Example 9-4. pc_validate_form( )

function pc_validate_form( ) {
  if (! pc_validate_zipcode($_POST['zipcode'])) {
     $errors['zipcode'] = "ZIP Codes are 5 numbers";
  }

  if (! pc_validate_email($_POST['email'])) {
     $errors['email'] = "Email addresses look like user@example.com";
  }

  return $errors;
}

This is clean code because all errors are stored in one variable. You can easily pass around the variable if you don't want it to live in the global scope.

Using the variable name as the key preserves the links between the field that caused the error and the actual error message itself. These links also make it easy to loop through items when displaying errors.

You can automate the repetitive task of printing the form; the pc_print_form() function in Example 9-5 shows how.
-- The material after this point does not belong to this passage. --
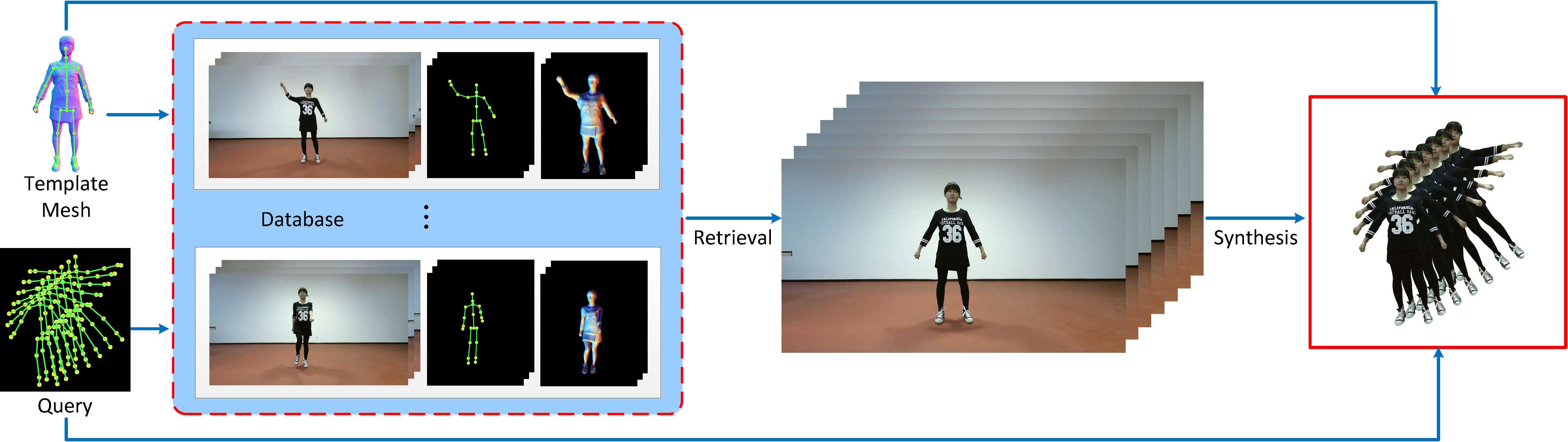 | We aim to address the challenge of novel view rendering of human performers that wear clothes with complex texture patterns using a sparse set of camera views. Our method can render high-quality images at 2k resolution on novel views, and it is a general framework that is able to generalize to novel subjects. |
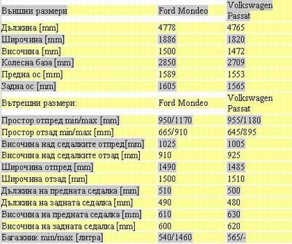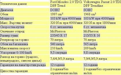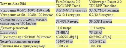 Когато стигнем до сравняване на двигателите на двата автомобила, откриваме че са доста близки по параметри. И двата модела предлагат турбодизелови агрегати с обем 2.0 литра, мощност 103 kW и максимален въртящ момент 320 N.m. При Mondeo двигателят има възможност да достигне за кратко и до 340 N.m, но поради по-високото му тегло това не се отразява на ускорението. Все още има една принципна разлика между тези двигатели – при Ford това е агрегат тип common rail, във Волфсбург все още предлагат тип помпа-дюза. Двигателят на Passat е малко по-шумен, а разхода на по-тежкия със 65 кг Ford, според производителя е същия както при Passat.

Example 9-5. pc_print_form( )

function pc_print_form($errors) {
    $fields = array('name'   => 'Name',
                    'rank'   => 'Rank', 
                    'serial' => 'Serial');

    if (count($errors)) { 
        echo 'Please correct the errors in the form below.';
    }

    echo '<table>';

    // print out the errors and form variables
    foreach ($fields as $field => $field_name) {
        // open row
        echo '<tr><td>';

        // print error
        if (!empty($errors[$field])) {
            echo $errors[$field];
        } else {
            echo '&nbsp;'; // to prevent odd looking tables
        }

        echo "</td><td>";

        // print name and input
        $value = isset($_REQUEST[$field]) ? 
                       htmlentities($_REQUEST[$field]) : '';

        echo "$field_name: ";
        echo "<input type=\"text\" name=\"$field\" value=\"$value\">";
        echo '</td></tr>';
    }

    echo '</table>';
}

The complex part of pc_print_form( ) comes from the $fields array. The key is the variable name; the value is the pretty display name. By defining them at the top of the function, you can create a loop and use foreach to iterate through the values; otherwise, you need three separate lines of identical code. This integrates with the variable name as a key in $errors, because you can find the error message inside the loop just by checking $errors[$field].

If you want to extend this example beyond input fields of type text, modify $fields to include more meta-information about your form fields:

$fields = array('name' => array('name' => 'Name', 'type' => 'text'),
                'rank' => array('name' => 'Rank', 'type' => 'password'),
                'serial' => array('name' => 'Serial', 'type' => 'hidden')
               );

See Also

Recipe 9.3 for simple form validation.

Guarding Against Multiple Submission of the Same Form

Problem

You want to prevent people from submitting the same form multiple times.

Solution

Generate a unique identifier and store the token as a hidden field in the form. Before processing the form, check to see if that token has already been submitted. If it hasn't, you can proceed; if it has, you should generate an error.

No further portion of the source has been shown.